Here, Andor meets Kino Loy, played by Andy Serkis. Though Kino is a prisoner, he pretty much runs things among the prisoners and he does so because he wants to keep a low profile, do his time, and get out of there.
However, things come to a head when all the imprisoned characters realize that there is no getting out of there. Unfortunately for them, their sentences are just mirages and there is no attempt being made to rehabilitate them. Instead, they are meant to exist as meat puppet cogs in a wheel that builds weapons for the empire and they will continue doing so until they die or are transferred elsewhere to do the same.

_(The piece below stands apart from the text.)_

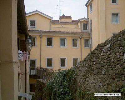 L'edificio prospetta l'androna degli Orti, una denominazione che risale alla fine del Settecento e indicava un viottolo cieco posto a ridosso delle antiche mura cittadine. L'immobile è completamente addossato, nel suo lato posteriore, ad un insieme di stabili settecenteschi le cui facciate prospettano piazza Brabacan e via del Trionfo. Presenta un impianto planimetrico irregolare, in quanto la costruzione si inserisce fra edifici preesistenti e segue l'andamento leggermente incurvato della parte iniziale dell'androna. In alzato si sviluppa per cinque piani fuori terra e un seminterrato. Nel 1828 venne indicato come casa e campagna Scarpa nella documentazione dell'Ispezione delle Civiche Fabbriche. Nel 1999 il fabbricato, che versava in stato di grave degrado, è stato oggetto di un intervento di restauro che lo a reso adeguato ad ospitare una struttura dell'azienda sanitaria. L'edificio con annesso orto, la cui pertinenza all'immobile è testimoniata sin dal 1825, è dichiarato di interesse culturale limitatamente al sedime, ai volumi , alle altezze e ai prospetti.
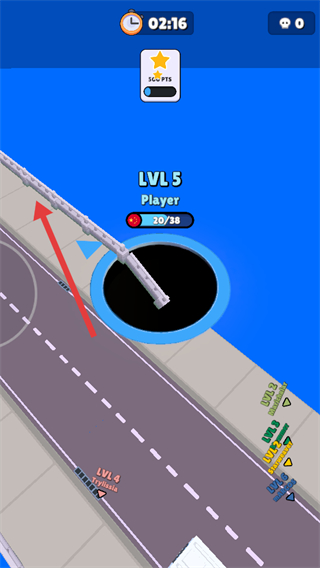 2、操控黑洞吞噬橋梁等大型物體,提升等級至【LVL5】,同時(shí)留意時(shí)間【02:16】,高效利用每一秒成長。

Obviously, this loss of hope is striking and inspires the prisoners to rebel and eventually they take over the prison. From here, all they have to do is swim to freedom.
BUT.
Instead of being allowed to share in this joy among all our imprisoned protagonists, Andor and Kino included, we the audience gets a knife into our emotional stomaches as Kino Loy reveals that he cannot swim.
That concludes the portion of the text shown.